In plain language, rather than waiting for your EDR or tool of choice to flag malicious
activity, threat hunting warrants that “hunt teams” proactively search for and detect such threats where they are
investigated. The process is also iterative, meaning one hunt engagement can feed into another.

Threat hunting engagements can be kicked off through many “inputs” – be it a threat report, a hypothesis of
some kind, a newly released technique or just simply a hunch.

In this blog post, we will be focusing on hypothesis-based threat hunting, where we articulate a hypothesis
and aim to prove or disprove it using the data that are available to us.

Why the command line

Now that we have defined what threat hunting is, let us dive deeper into the command line and articulate
why this particular data item is a fantastic starting point for threat hunting journeys.

To do so, let us take a hypothesis-based threat-hunting approach to MITRE ATT&CK data.

Our hypothesis here is that by examining the data source component within the MITRE ATT&CK data set, we can
gain an idea of which data source applies to the most MITRE ATT&CK techniques and procedures.

In other words, we want to spend our valuable time looking at a data source that would – ostensibly –
surface the most threats.

We can begin crunching the MITRE ATT&CK JSON data with the following query:

Looking at the returned results, an interesting dynamic begins to bubble up:

We see that large chunks of our pie chart are represented by the “Command Execution” and “Process Creation”
categories – both of which have a command line data element.

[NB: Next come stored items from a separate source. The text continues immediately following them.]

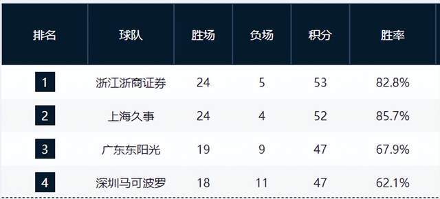 上海队以24胜4负紧随其后,因少赛一场,在争冠主动权上仍占优。双方将在下一轮直接对话,此役或成常规赛冠军归属的“天王山之战”。广东队19胜9负暂列第三,但排名已岌岌可危——深圳队在主场以118-91大胜天津队,斩获18胜11负,强势杀回积分榜第四位,直接威胁广东的前三席位。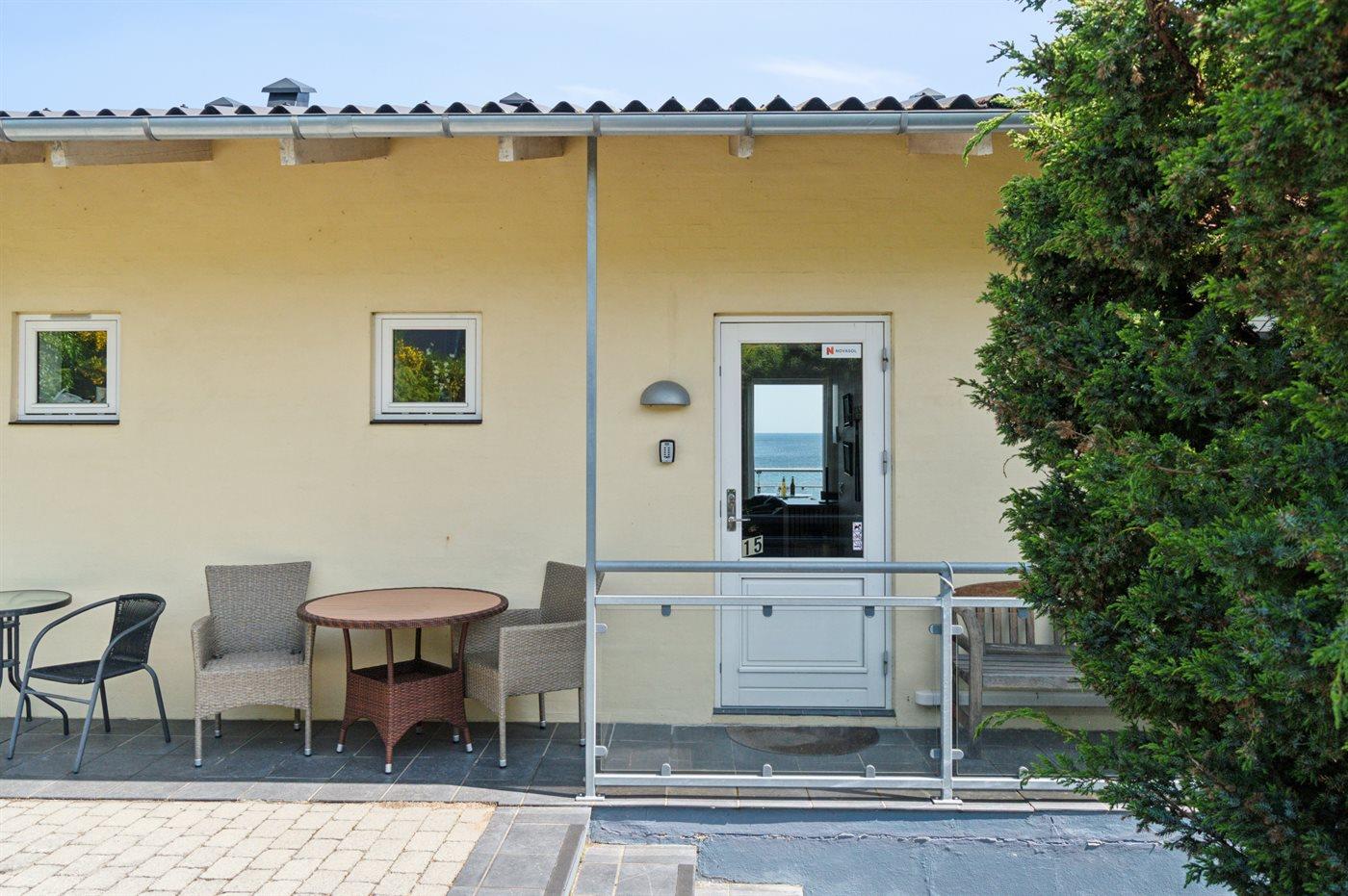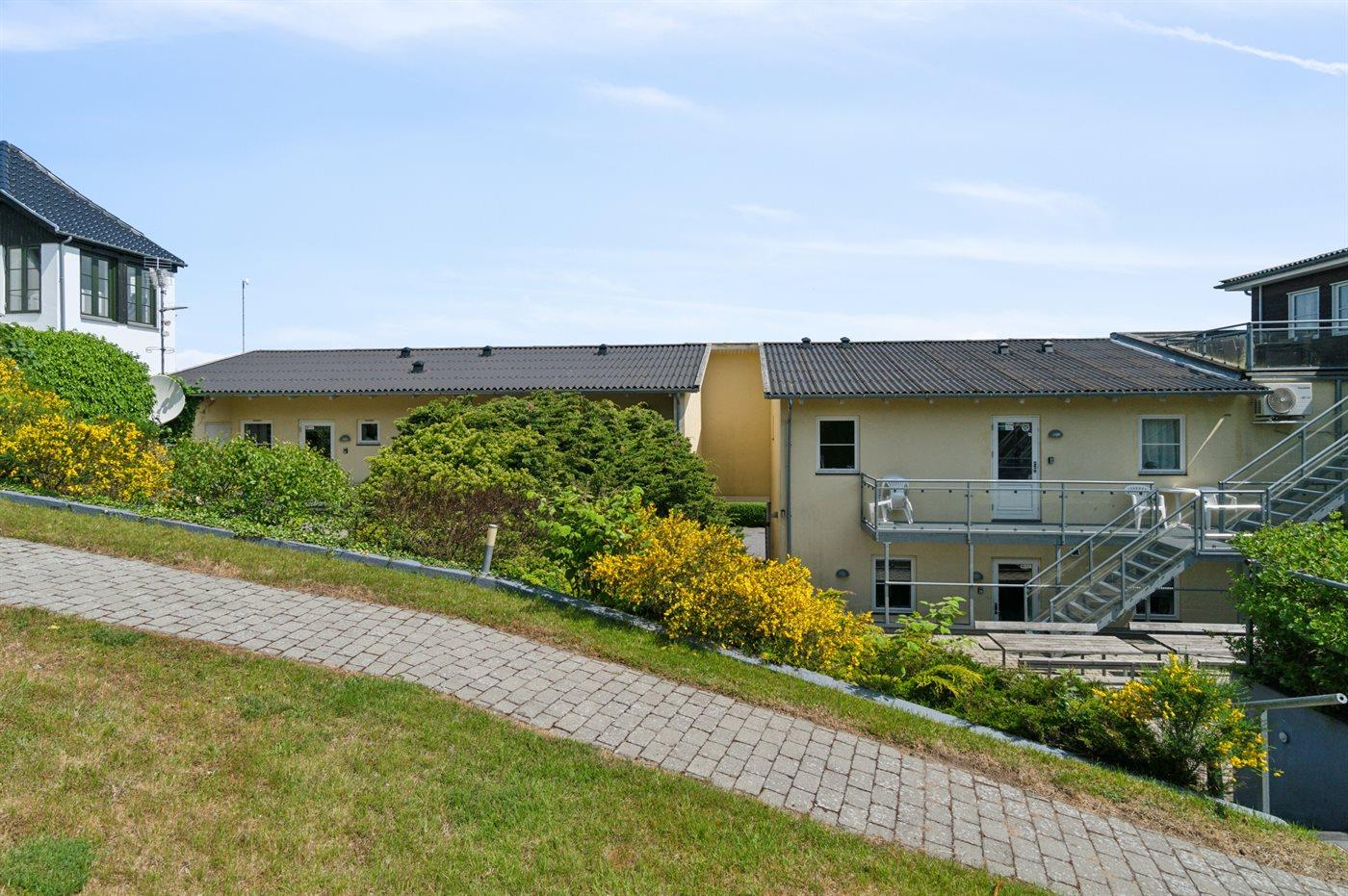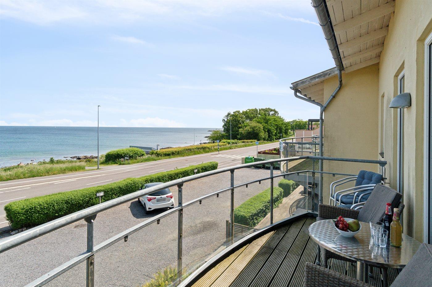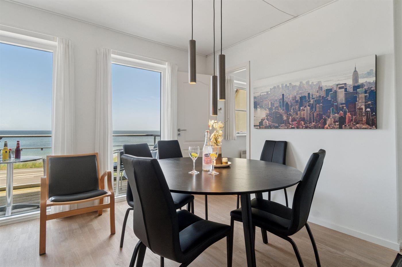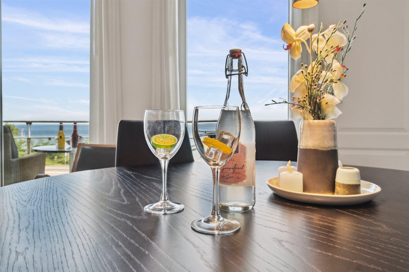 Velindrettet ferielejlighed med udsigt til kysten og havet fra terrasse og stue. Der er adgang til den store fælles grund med plæner, gårdhave og stor solterrasse højt hævet, så man får det bedste kig ud over havet.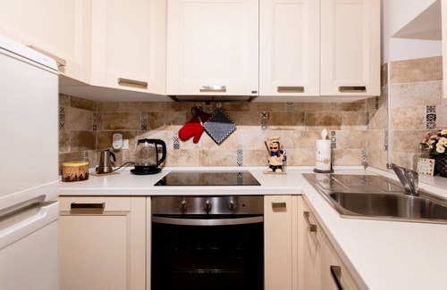 The property comes equipped with a kitchenette that has an oven, dishwasher, four ceramic glass hob hotplates, a toaster, kettle, microwave, and an electric coffee machine. It also has a shower area with bidet and toilet facilities. Air conditioning and forced-air heating are available, with the heating option only accessible from November 1st to April 15th. Other amenities include a washing machine, baby cot for up to 2-year-olds, and a hair dryer. Complimentary WiFi internet is provided.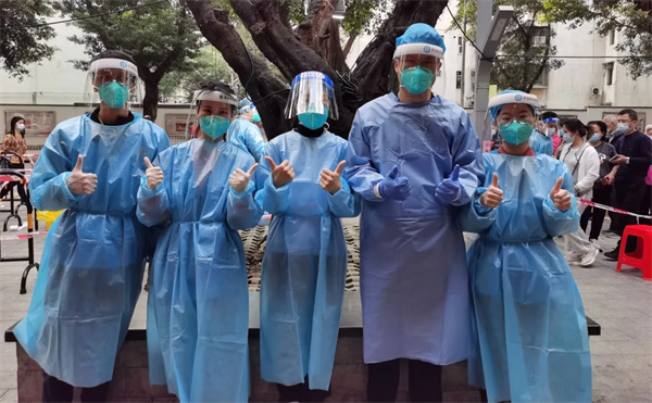 早上9點(diǎn),臨時(shí)增設(shè)的核酸檢測(cè)點(diǎn)已經(jīng)排起了長(zhǎng)隊(duì),身穿藍(lán)馬甲的羅湖工會(huì)干部與身穿紅馬甲的社區(qū)工作者組成一道“藍(lán)紅”防線,他們?cè)诓蓸狱c(diǎn)維持秩序、協(xié)助醫(yī)護(hù)人員進(jìn)行掃碼登記信息、回答各種咨詢提問(wèn).....多次支援一線的防疫經(jīng)驗(yàn)讓工會(huì)干部在此次防疫工作中反應(yīng)迅速、有條不紊。
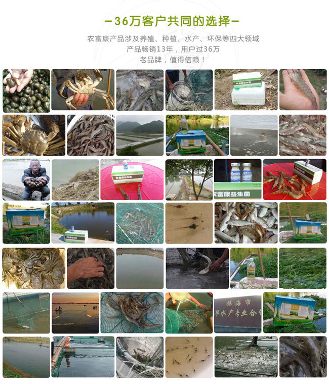 农富康水产菌种还可用于鱼、虾、蟹、蛙、海参、泥鳅等水产养殖,生产销售13年来,积累用户36万,80%回头客,大厂家产品值得信赖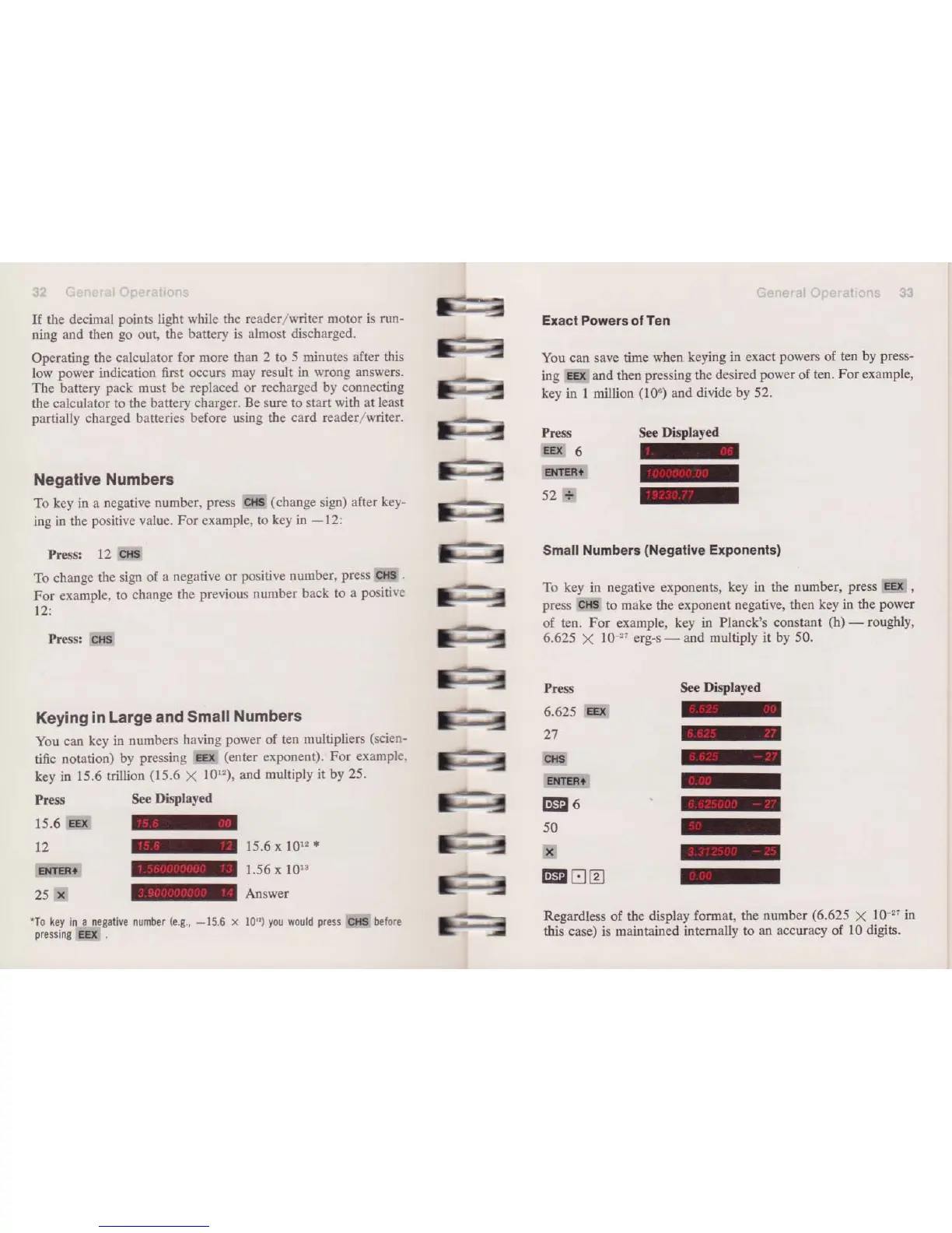 HP 65 - Negative Numbers; Keying in Large and Small Numbers; Exact Powers of Ten; Small Numbers (Negative Exponents)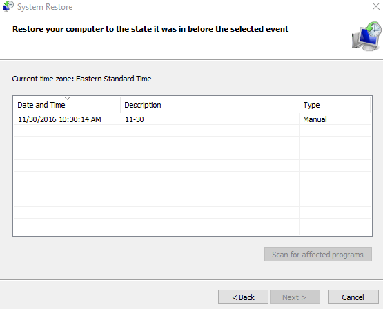 Under the System Restore section, find a restore point that works for you. Restore points are listed by date, and created automatically when major registry changes occur (such as when you install new programs). Choose a restore point from before the time your computer started developing noticeable issues.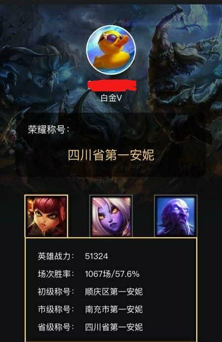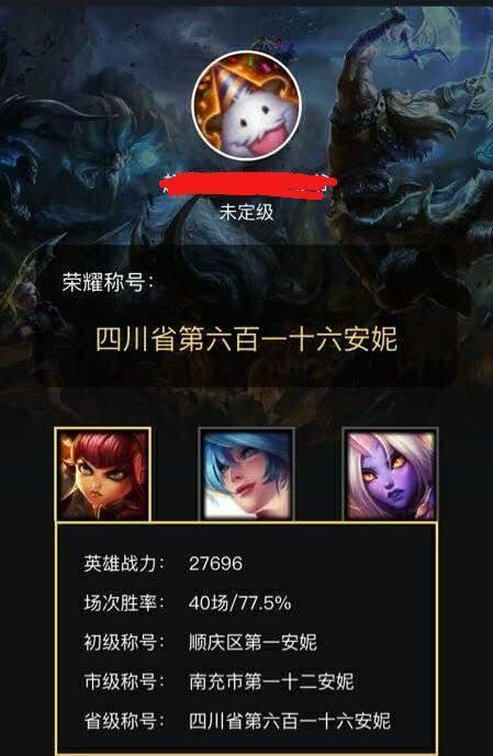 我们再来膜拜一下这位大神,四川省第一安妮。而同样是这位玩家,他表示自己的小号在另外一个大区,只是玩的少了,战斗力不够,按道理说,自己的大号小号都是同一个人,大号四川省第一,小号不该是四川省第二吗?结果却显示是四川省第六百一十六安妮,可能这个只跟战斗力有关吧!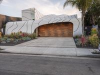A low, modern residential property in Los Angeles, California. The curved driveway with a decorative walkway guides you to a futuristic architectural marvel. The contrast of the clean lines against the dawn sky creates an emotional cityscape.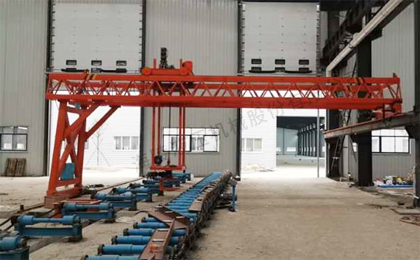 2、行走航架通過(guò)行走電機(jī)驅(qū)動(dòng)減速機(jī)帶動(dòng)鋼軌輪旋轉(zhuǎn),該電機(jī)帶剎車(chē),可在任意位置剎車(chē)并停止行走。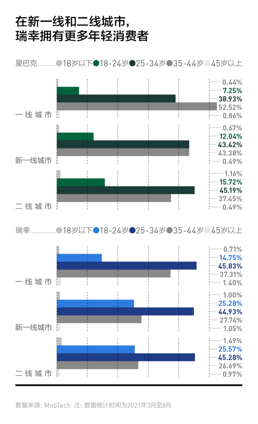 同时,在新一线城市和二线城市18-24岁咖啡消费者的占比中,瑞幸都达到了25%以上,星巴克的占比则分别为12.04%和15.72%。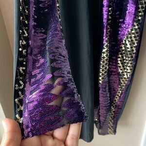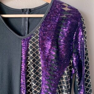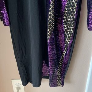 Description: Purple Sequin Long Sleeve Midi Dress. Sheer between sequins from top to bottom and in the sleeves. See photo.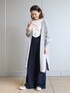 サイドスリットがポイントのロングカーディガン! シンプルなのでどんなお洋服にも合わせやすいアイテムです。 とろみ素材のキャミサロペットとコーディネート。 長さ調節も可能です!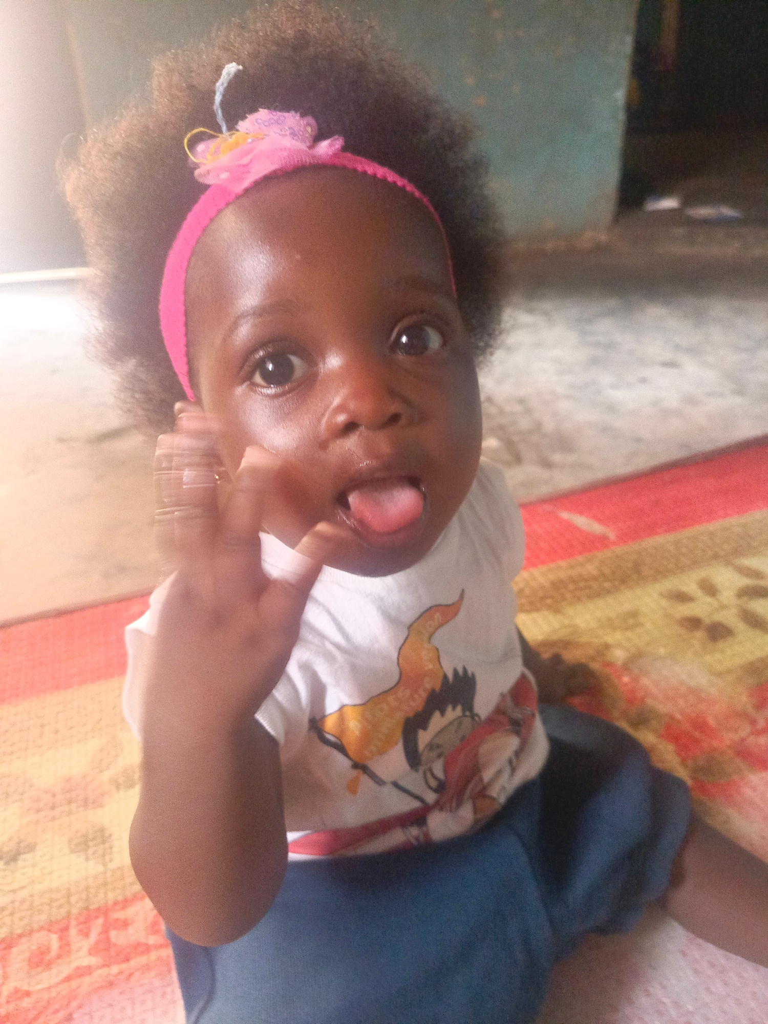 A low-angle, close-up shot depicts a young child sitting on a patterned surface. The child, with dark skin and curly hair adorned with a pink headband, sticks out their tongue while holding up their l…read more

Together, these represent almost thirty percent of the total data source components within the MITRE ATT&CK
framework.

It stands to reason then, that investing time and effort into hunting through these data sources is worth
the effort, as according to the data, they present the largest opportunity for finding malicious or at least
suspicious activity.

Of course, this analysis paints in very broad brush strokes and does not consider environmental specifics
which may warrant starting your threat hunting adventures with a different and perhaps more applicable data source.

Now that we have articulated what threat hunting is and why we focus on the command line, let’s dive into
some use cases!

Hypothesis One: Long command lines are malicious

Let us start with a simple hypothesis, that all long command lines in your environment are malicious.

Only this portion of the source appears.